Sunday, June 21, 2009

headache

sitting, knees bent,
leaning on our brick wall,
it must be an interesting sight,
hooded figure, in the dark of the night,
white canvas on which,
blue and gray lines intersect.
a grid. I’m wearing a grid.

I am a pattern.

patterns emerge.
pain convenes at a single
spot on the mind,
marching to the beat of
rhythmic sounds,
a cricket, the dripping
of sweet water.

trees rustle, an invitation
to walk, to leave it all
here, on the steps of the porch
to walk, to leave it all,
a multitudes of thoughts.
to walk, and steal minutes
of her sleep,
so I stay.

an invitation, declined.
safety reigns, as I dodge
the bullets of a suffocated
mind.
the softest of days,
viewed through a marred
portal of blinds,
draws to an end.
draws to an end,
but the night could not be compromised.
and the pain ebbs away,
as sounds diminish,
and the breeze carries it all
away and leaves me behind.

Wednesday, June 17, 2009

...

I’m back.

In the midst of the end. The end of high school, at least. So. Have you found yourself? Have you uncovered answers? Have you witnessed reality in a sea of disillusion? Can you account for these past four years?
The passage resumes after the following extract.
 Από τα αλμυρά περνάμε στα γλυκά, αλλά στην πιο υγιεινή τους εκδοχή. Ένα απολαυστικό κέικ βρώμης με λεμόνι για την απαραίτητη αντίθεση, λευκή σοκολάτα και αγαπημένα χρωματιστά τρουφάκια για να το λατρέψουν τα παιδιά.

I don’t know if I can do that, but I’ve come to certain conclusions. First, that life is cyclic. No matter how much we wander, we are always going to be caught in an orbit. But, we have a choice of stars. I’m not saying that every revolution will be the same or that we will never venture into new worlds. But I believe that our actions will inevitably draw us back and we will revolve. We will revolve until we find another orbit and the right star…it’s something worth searching for.

I’ve learned that knowledge, in itself, is sustenance.
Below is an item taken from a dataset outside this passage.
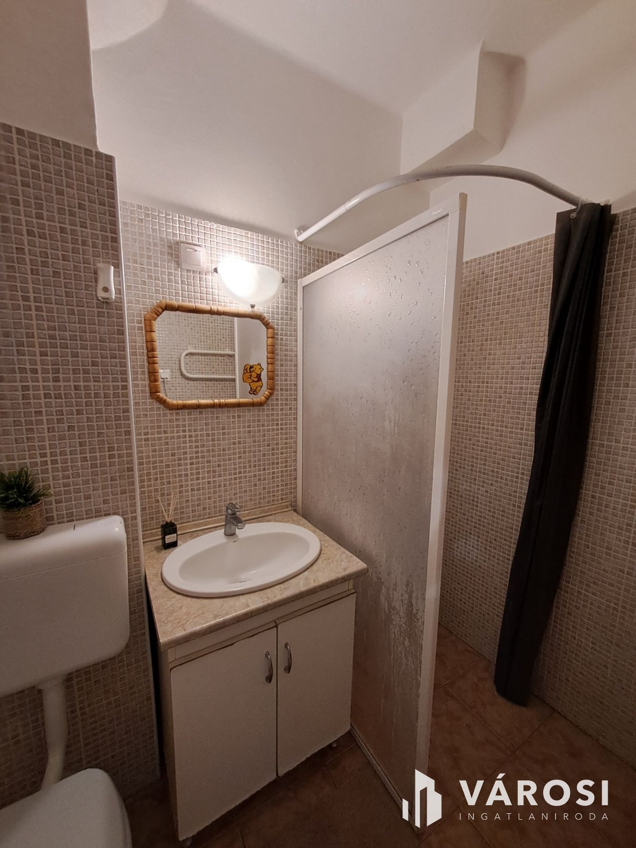 A fürdőszoba és a wc egyben van, egy nagyobb zuhanyzó is helyet kapott.

The Messenger of Allah, peace be upon him, said:
“He who leaves his home in order to seek knowledge, he is in Allah’s path until he returns.”
(Narrated by Anas (RA). At-Tirmidhi, Sunan, An-Nawawi, Riyad As-Salahin)
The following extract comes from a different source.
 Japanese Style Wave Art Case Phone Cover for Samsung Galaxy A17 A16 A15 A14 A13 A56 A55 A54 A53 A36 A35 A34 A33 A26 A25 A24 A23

Knowledge of different sorts, and it is only those who believe in its nourishing quality that are able to pass it on adequately. Through some pleasant and unpleasant encounters with educators, I’ve learned to search for and recognize the rare passion and sincerity in those who teach.

These past few years, especially the last, have shown me that compromise isn’t an option when the truth is on the line. It’s funny. Our English exam consisted of an essay about compromise. It was an overview of times in history in which compromise was necessary and times that it was detrimental. The last few paragraphs talked about the sheer necessity of refusing to compromise on something that you truly believe in. And yet, this entire school year, I have had words hammered into me, stressing the importance of being able to compromise. I think I got quite a few of the multiple choice questions about that essay wrong, but…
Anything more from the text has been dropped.